------ MATERIAL FOR THIS TASK
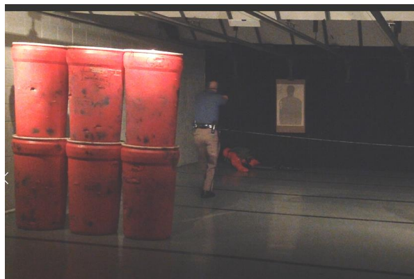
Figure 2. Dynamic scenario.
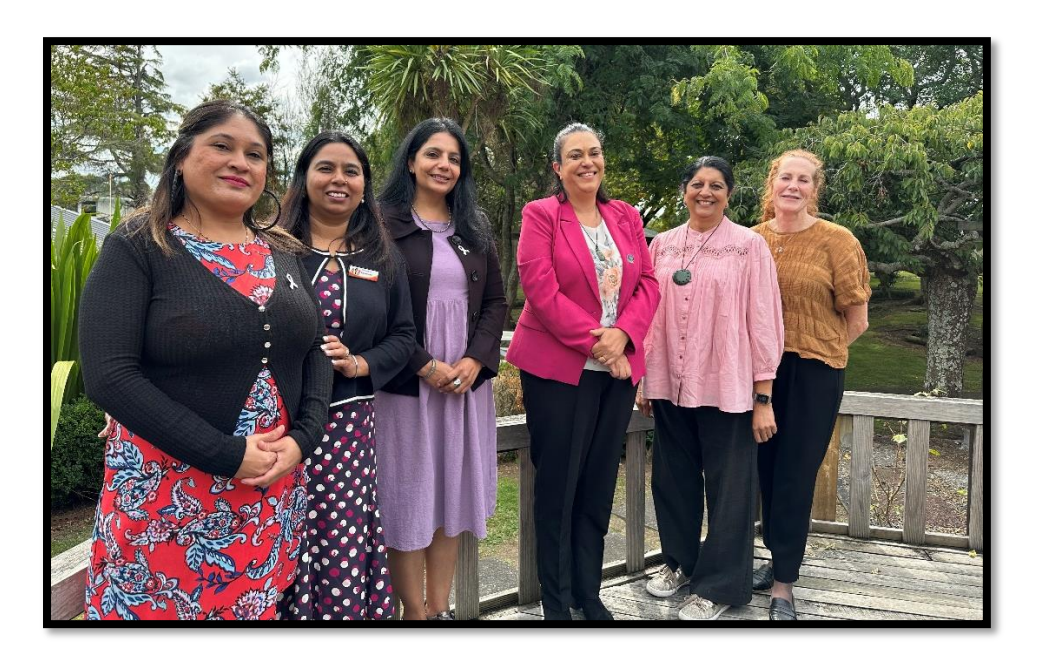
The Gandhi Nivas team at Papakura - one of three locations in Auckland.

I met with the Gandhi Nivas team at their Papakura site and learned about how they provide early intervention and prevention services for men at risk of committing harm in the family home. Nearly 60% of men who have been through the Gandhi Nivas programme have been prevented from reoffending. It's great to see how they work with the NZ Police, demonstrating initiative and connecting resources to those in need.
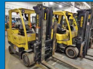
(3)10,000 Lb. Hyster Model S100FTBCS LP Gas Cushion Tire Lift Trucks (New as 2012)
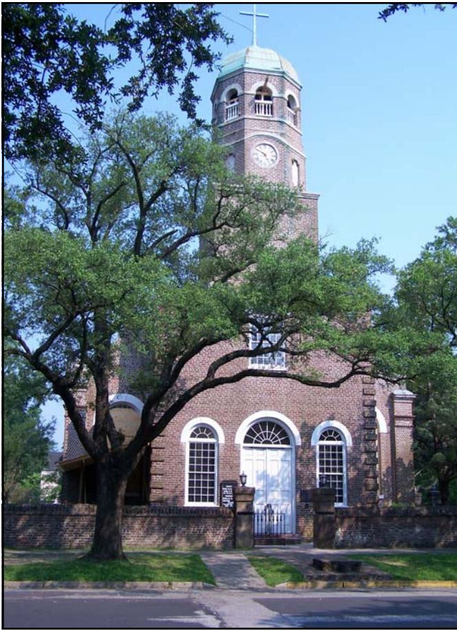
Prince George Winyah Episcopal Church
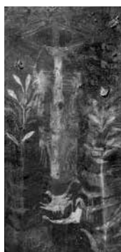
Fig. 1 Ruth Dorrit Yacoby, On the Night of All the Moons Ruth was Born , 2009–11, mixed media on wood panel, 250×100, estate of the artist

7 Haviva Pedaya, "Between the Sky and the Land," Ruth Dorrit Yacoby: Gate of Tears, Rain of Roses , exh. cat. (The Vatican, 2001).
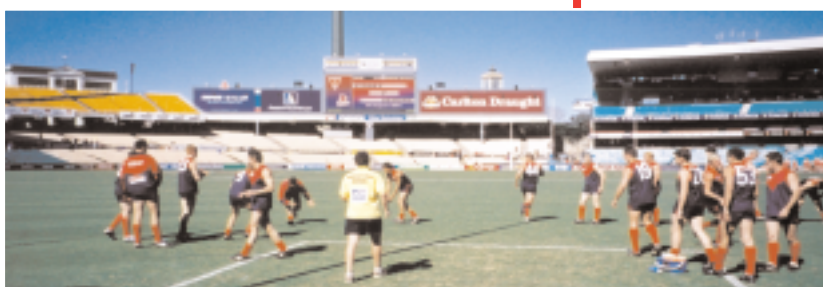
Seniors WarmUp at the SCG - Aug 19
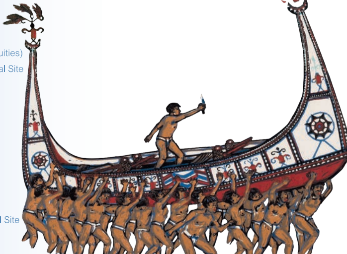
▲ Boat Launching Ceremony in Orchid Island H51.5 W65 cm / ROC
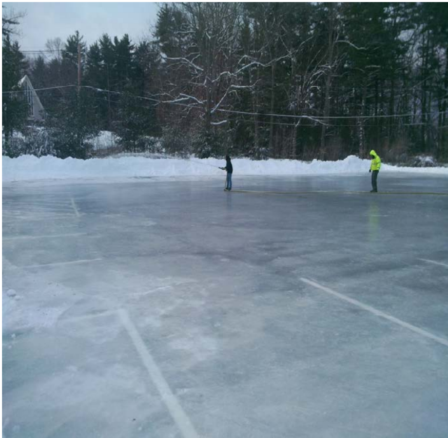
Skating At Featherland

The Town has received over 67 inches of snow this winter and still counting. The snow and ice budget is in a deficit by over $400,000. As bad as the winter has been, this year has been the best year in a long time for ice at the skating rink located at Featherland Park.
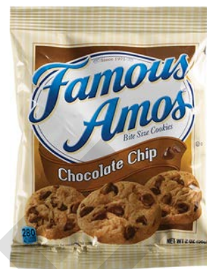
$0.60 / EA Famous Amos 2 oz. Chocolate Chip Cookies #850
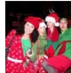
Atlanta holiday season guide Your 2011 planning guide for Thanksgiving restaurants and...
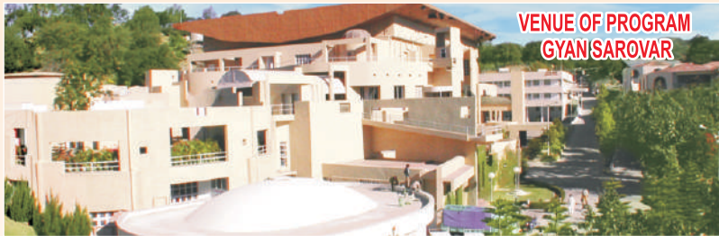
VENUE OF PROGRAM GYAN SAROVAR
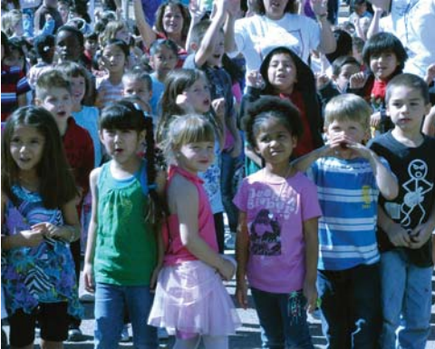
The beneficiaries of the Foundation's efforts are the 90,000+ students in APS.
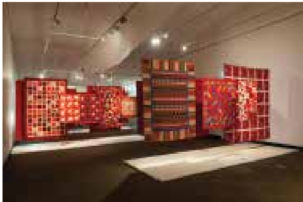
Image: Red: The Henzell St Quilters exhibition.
------------
EXERCISE AIM: For the entries above, the output must hold exactly the lines from the one with "VENUE OF PROGRAM GYAN SAROVAR" through the last line, both included, and no pictures.

THE ANSWER:
VENUE OF PROGRAM GYAN SAROVAR
The beneficiaries of the Foundation's efforts are the 90,000+ students in APS.
Image: Red: The Henzell St Quilters exhibition.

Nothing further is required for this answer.